While our platform focuses on BLOOM now, we aim to support more foundation models in future.
Installation
🚧 Note: These are short instructions for running a private swarm with a test 6B version of BLOOM. We will replace them with instructions involving the full 176B BLOOM and more detailed explanations soon (in a day or two).
conda install -y -c conda-forge cudatoolkit-dev==11.3.1 cudatoolkit==11.3.1 cudnn==8.2.1.32
pip install torch==1.12.0+cu113 -f https://download.pytorch.org/whl/torch_stable.html
pip install -r requirements.txt
pip install -i https://test.pypi.org/simple/ bitsandbytes-cuda113
Basic functionality
All tests is run on localhost
First, run one or more servers like this:
# minimalistic server with non-trained bloom blocks
python -m cli.run_server --converted_model_name_or_path bigscience/test-bloomd-6b3 \
--block_indices 3:5 --torch_dtype float32 --identity_path ./server1.id --host_maddrs /ip4/127.0.0.1/tcp/31337
# when running multiple servers:
# - give each server a unique --identity_path (or remote --identity_path arg when debugging)
# - if running multiple servers on the same machine, give each a unique port (last integer in --host_maddrs, 0 means random port)

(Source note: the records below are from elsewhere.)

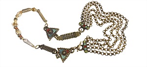 Dekorative "VINTAGE" Kette, goldfarben, sig. JPG, farbiger Emaillelack, 4-reihige Kette mit Knebelschließe, spiralförmiger Teil wohl nachträglich ! L = 109,0 cm
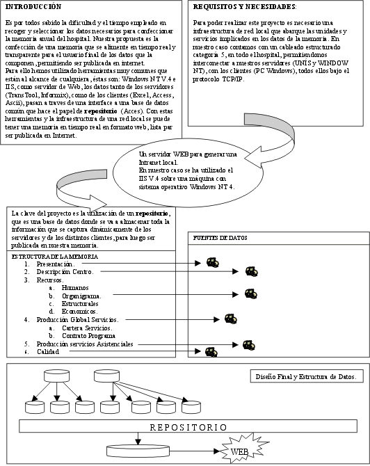 Se trata de presentar el esquema utilizado, para recoger los datos de los distintos servicios y unidades, unificándolos todos en una base de datos única, "repositorio", y a partir de ahí generar en formato WEB, la Memoria Anual del Hospital. De esta forma se alimenta esa memória en tiempo real y sin gasto en recursos humanos para la recogida y la presentación de los datos que la componen.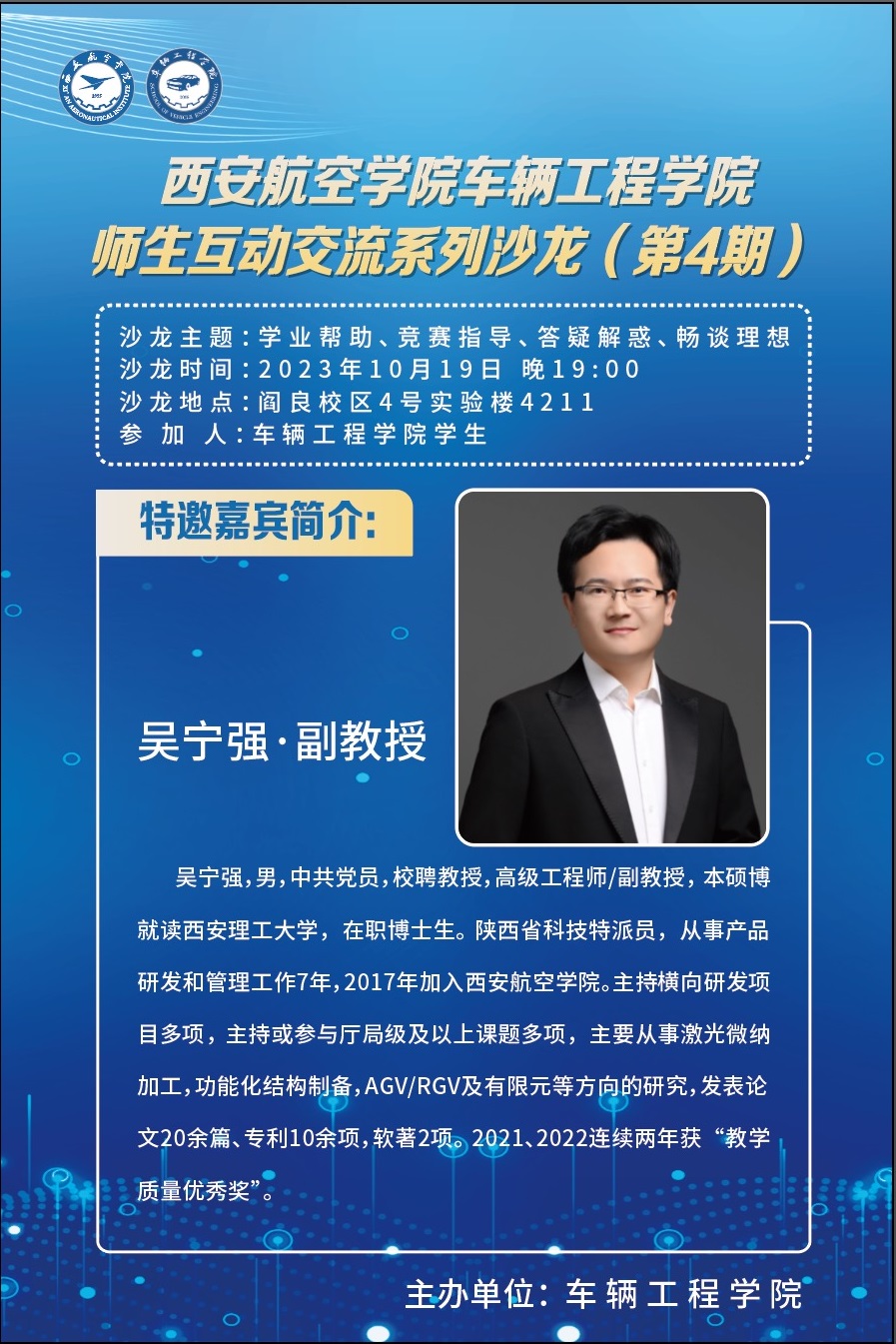 10月19日晚,车辆工程学院在阎良校区四号实验楼4211教室开展了“师生互动交流系列沙龙(第4期)”活动,专任教师吴宁强担任主讲人,学院五十余名学生参与此次活动。

# - when running over the internet, change --host_maddrs according to https://learning-at-home.readthedocs.io/en/latest/user/dht.html#running-across-the-internet
# - each server except first should have --initial_peers pointing to one of pre-existing servers
Then open a python notebook or console and run:
import torch
import hivemind
from src import DistributedBloomConfig, get_remote_module
dht = hivemind.DHT(
initial_peers=[TODO_COPY_FULL_ADDRESS_FROM_ANY_OF_THE_SERVERS], # e.g. /ip4/127.0.0.1/...
client_mode=True, start=True,
)
config = DistributedBloomConfig.from_pretrained("bigscience/test-bloom-6b3")
layer3, layer4 = get_remote_module(dht, ['bigscience/test-bloomd-6b3.3', 'bigscience/test-bloomd-6b3.4'], config)
assert layer3 is not None and layer4 is not None, "one or both layers were not found in DHT"
# test forward/backward, two blocks
outputs = layer4(layer3(torch.randn(1, 64, 4096)))
loss = (outputs * torch.randn_like(outputs)).norm()
loss.backward()
# test inference, one block
with layer3.inference_session(max_length=10) as sess:
for i in range(10):
res = sess.step(torch.ones(1, 1, 4096))
Convert regular BLOOM into distributed
# convert model from HF hub to a distributed format (can take hours depending on your connection!)
MY_WRITE_TOKEN=TODO_WRITE_TOKEN_FROM_https://huggingface.co/settings/token
python -m cli.convert_model --model bigscience/bloom-6b3 \
--output_path ./converted_model --output_repo bigscience/test-bloomd-6b3 \
--use_auth_token $MY_WRITE_TOKEN # ^-- todo replace output repo with something you have access to
Test local vs remote block (allclose)
To test distributed inference, run one or more servers, then open a new shell and run pytest with environment variables:
# shell A: serve model
python -m cli.run_server --converted_model_name_or_path bigscience/test-bloomd-6b3 \
--torch_dtype float32 --identity_path ./server1.id --host_maddrs /ip4/127.0.0.1/tcp/31337
# shell B:
export PYTHONPATH=.
export INITIAL_PEERS="/ip4/TODO_COPY_INITIAL_PEERS_FROM_SERVER_OUTPUT"
export MODEL_NAME="bigscience/test-bloomd-6b3"
# test individual random blocks for exact match
pytest tests/test_block_exact_match.py
# test the full model
pytest tests/test_full_model.py
This project is a part of the BigScience research workshop.